WORK INSTRUCTIONS | Skip the pictures and repeat each line of the data exactly.

SUPPLIED MATERIAL |
==*==
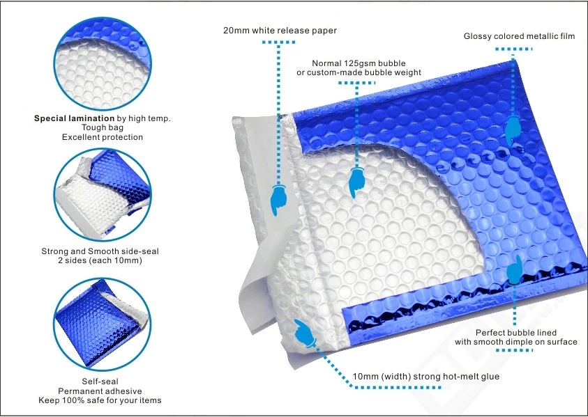 Het materiaal van het product: gealuminiseerde folie + polyethyleen bubbel. De kleur van de gealuminiseerde folie kan worden aangepast, evenals de bedrukking.
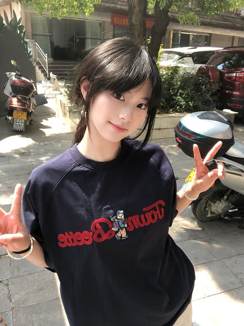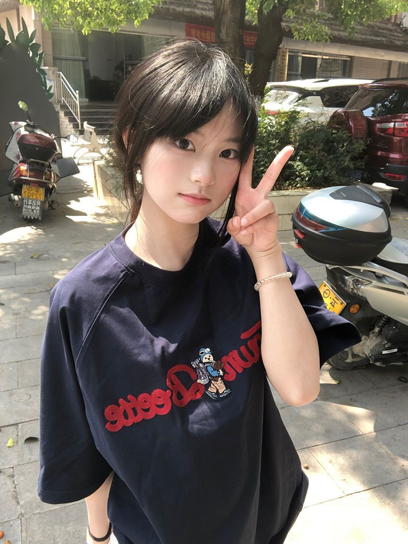 정가 자수 패치 순면 220 그램 빗질하다 닫기 반팔 티셔츠 여성
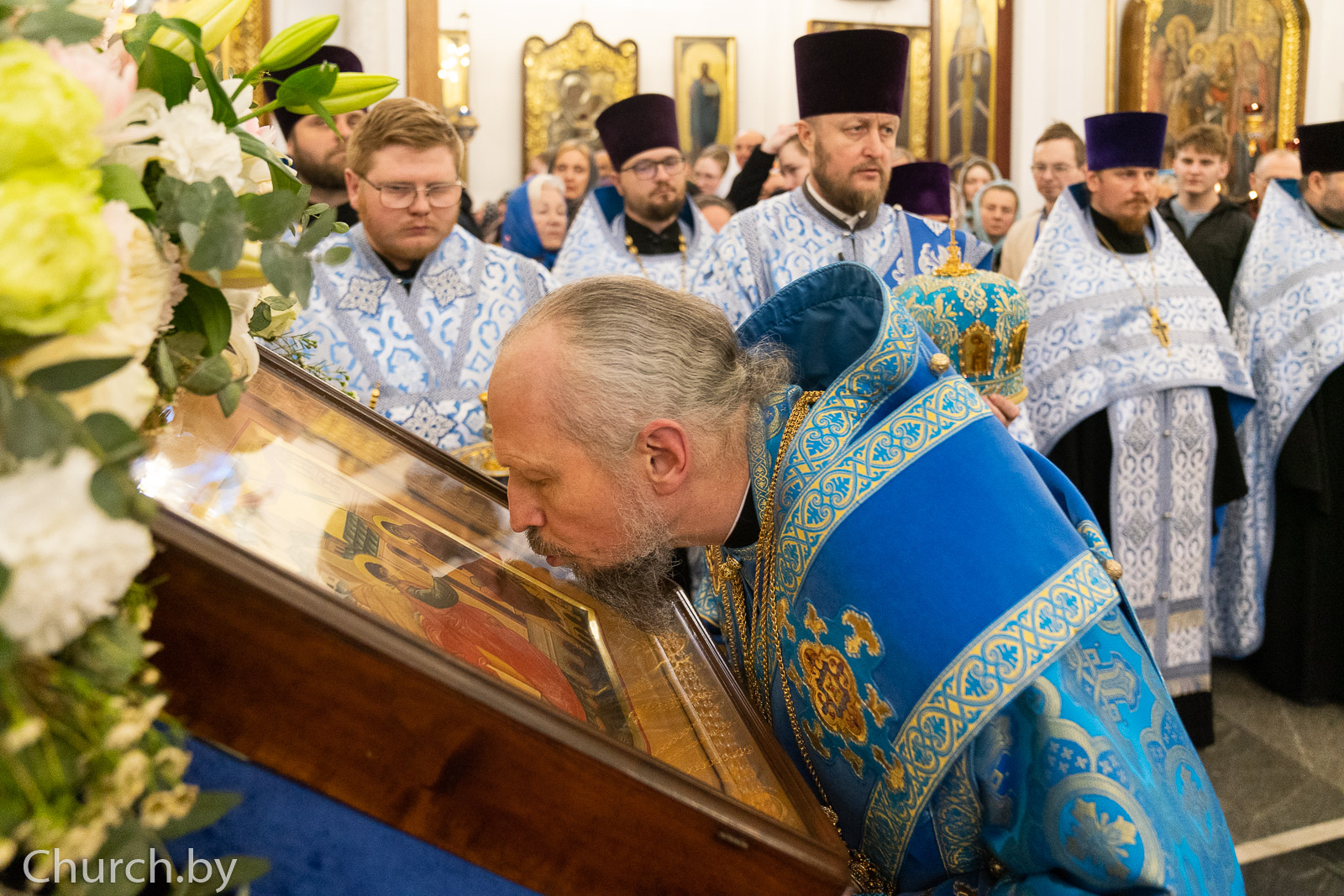 В канун праздника Благовещения Пресвятой Богородицы Патриарший Экзарх возглавил всенощное бдение в Свято-Духовом кафедральном соборе города Минска
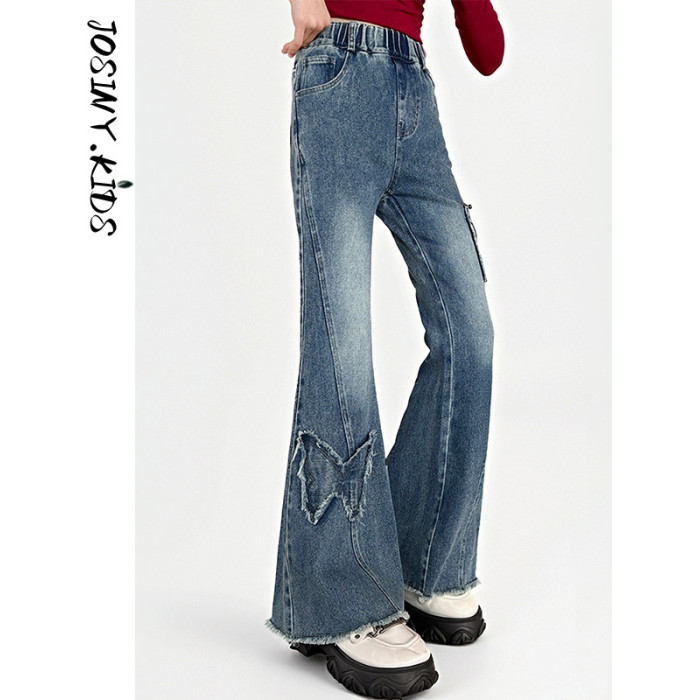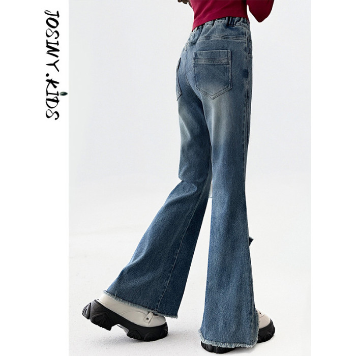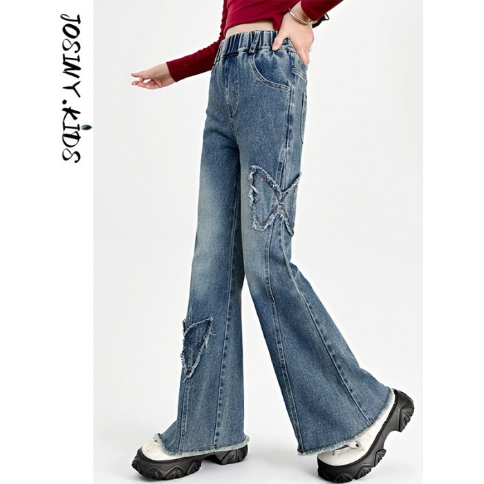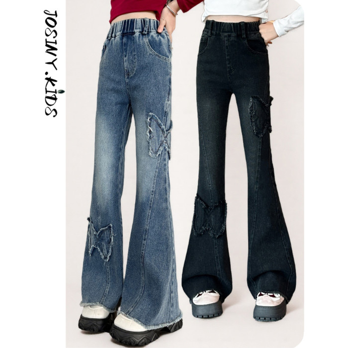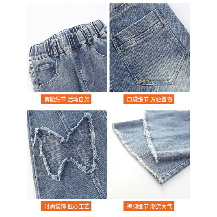 卓詩尼女童喇叭褲春秋款2025新款蝴蝶圖案牛仔褲大童夏季褲子外穿
==*==
OUTPUT |
 Het materiaal van het product: gealuminiseerde folie + polyethyleen bubbel. De kleur van de gealuminiseerde folie kan worden aangepast, evenals de bedrukking.
 정가 자수 패치 순면 220 그램 빗질하다 닫기 반팔 티셔츠 여성
 В канун праздника Благовещения Пресвятой Богородицы Патриарший Экзарх возглавил всенощное бдение в Свято-Духовом кафедральном соборе города Минска
 卓詩尼女童喇叭褲春秋款2025新款蝴蝶圖案牛仔褲大童夏季褲子外穿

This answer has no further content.